Non c'era più via d'uscita, aiutai i ragazzi a calarsi i jeans e gli slip ed erano già tutti belli in tiro, per la prima volta tre cazzi tutti per me, Jizz soprattutto mi stupì con un arnese fuori dal comune, ecco che forse era quello il motivo del suo nickname.
Li assaggiai vogliosa, uno ad uno, a turno, godendomi i loro sguardi arrapati, mentre smanettavo con entrambe le mani gli altri due.

«Certo che le tue di pompe - disse Jizz, riferendosi alla maglietta del tour che gli avevo venduto- non sono funebri manco per nulla! Faresti resuscitare anche il cazzo di uno zombie!».
Risi mentre lo spompinavo e cercai, senza riuscirci, di prenderglielo in bocca sino alle palle.

Mi sedetti di fianco a lei
«Salta su Lis - dissi - facciamo un giro in giostra!». Lei sfilatasi le mutandine mi salì sopra e iniziò a penetrarsi lentamente mentre continuava a divorare Big, Middle finger da dietro sputandosi tra le dita aveva iniziato a stimolarle il buchetto del culo.

“Che fa questo?” E mugolai «Ohhh, siii». Oddio, ha delle dita d'oro.
“E ora?

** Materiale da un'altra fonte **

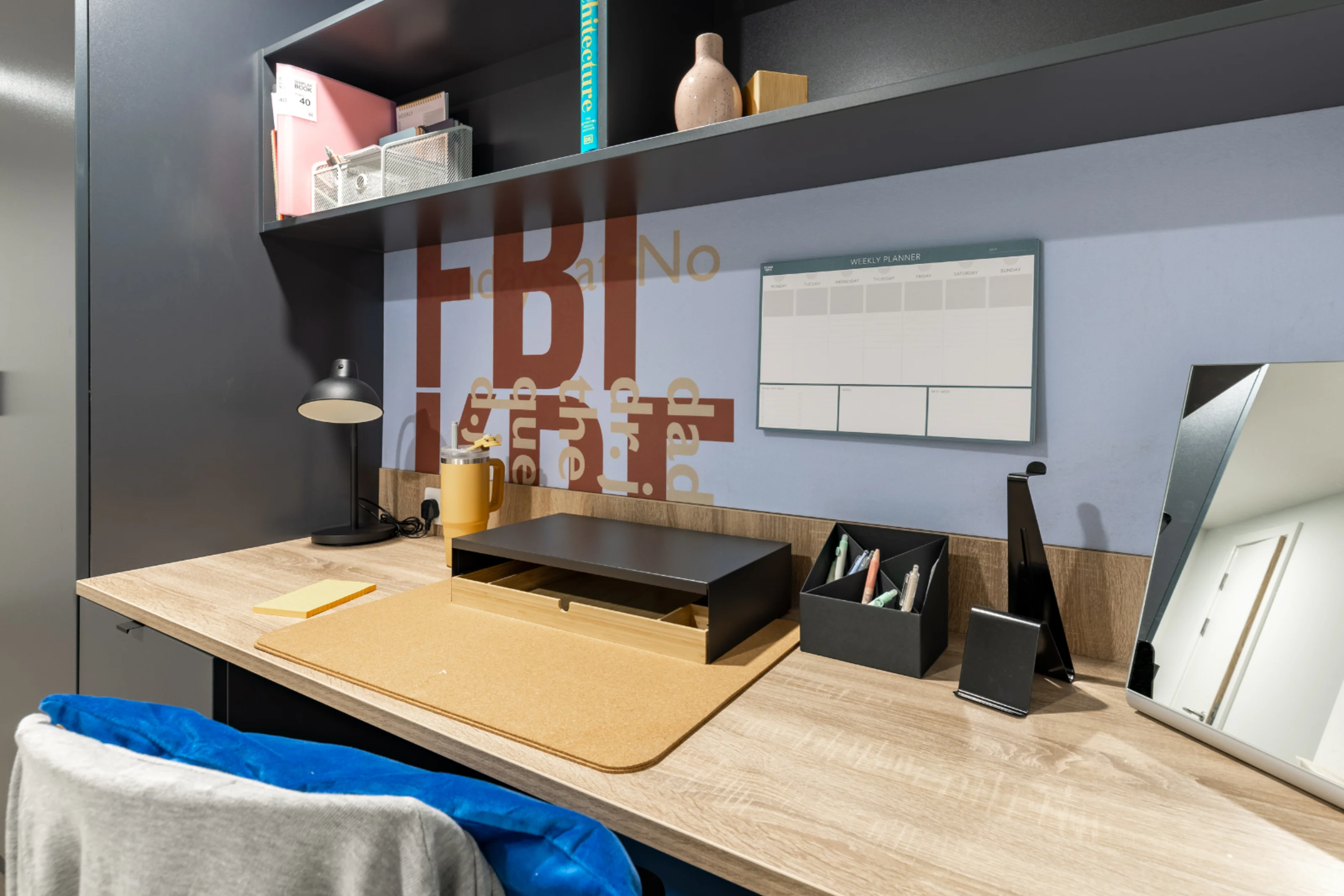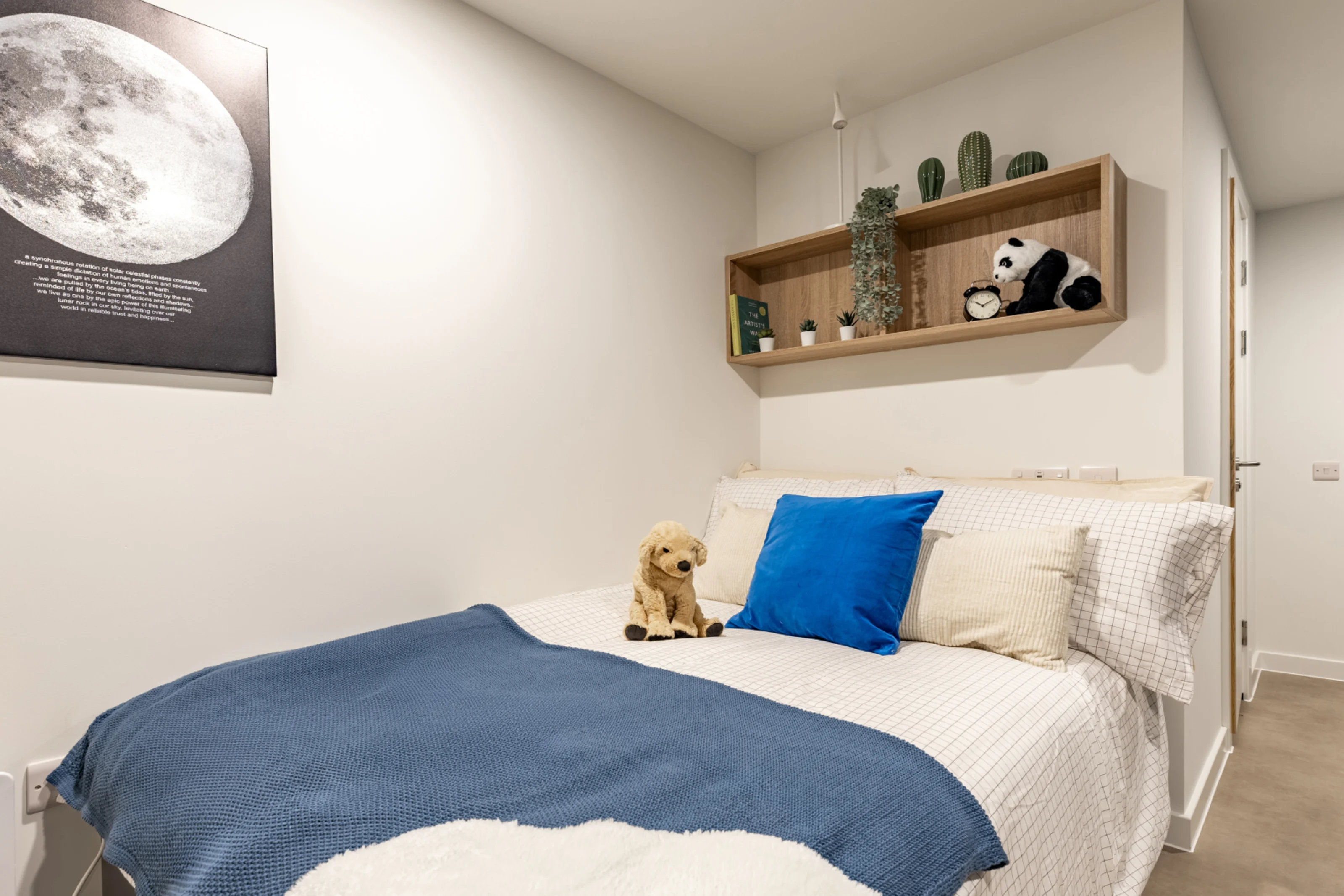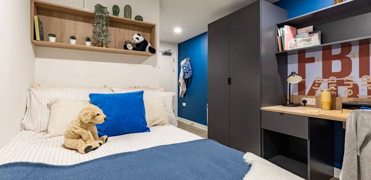 提供现代 Ensuite 套房与 Studio 房型,标配:双人床、智能收纳系统、独立学习空间

Mi poggia pure il cazzo, non penseranno che sia pronta a ...” «Haaaaahhh».
Sentii un calore espandersi dentro di me, per un attimo mi fermai senza fiato, stavo pure per mozzare il cazzo a Big coi denti, poi ripresi a muovermi su Jizz per far in modo che il piacere sovrastasse quello spasmo, e da dietro quell'altro porco iniziò a seguire il ritmo.
Quella sensazione per me nuova come di completezza mi portò presto al culmine, svelte contrazioni muscolari si propagarono dal mio ventre, le mie cosce divennero cedevoli e mi reclinai di lato bocconi sul divano, e mentre beata mi godevo quel momento uno stillicidio caldo mi ricoprì il culo e la schiena.

Non pensavo che sarebbe stato così coinvolgente scopare una donna assieme agli amici, il merito in gran parte, devo ammetterlo, fu dovuto a Lisbeth che coi suoi gesti così naturali creò un'atmosfera unica.
«Grazie Lis - dissi baciandola sulla guancia, e altrettanto fecero i ragazzi - ora ti lasciamo con calma a rivestirti noi torniamo al pogo, e ricorda che alla fine della serata devi offrirci la birra promessa».
Lei sorrise «Ok ragazzi, a dopo».

Intorno ad una botte dell'Outlaws Lisbeth in vena di confidenza «Sarò franca ragazzi - ci disse - il mio ex, quel buono a nulla, non m'ha mai fatto volare così in alto come stasera, brindo a voi che m'avete aperto un mondo, e non soltanto quello» Il rumore dei boccali che sbattevano si mischió alla nostra ultima risata.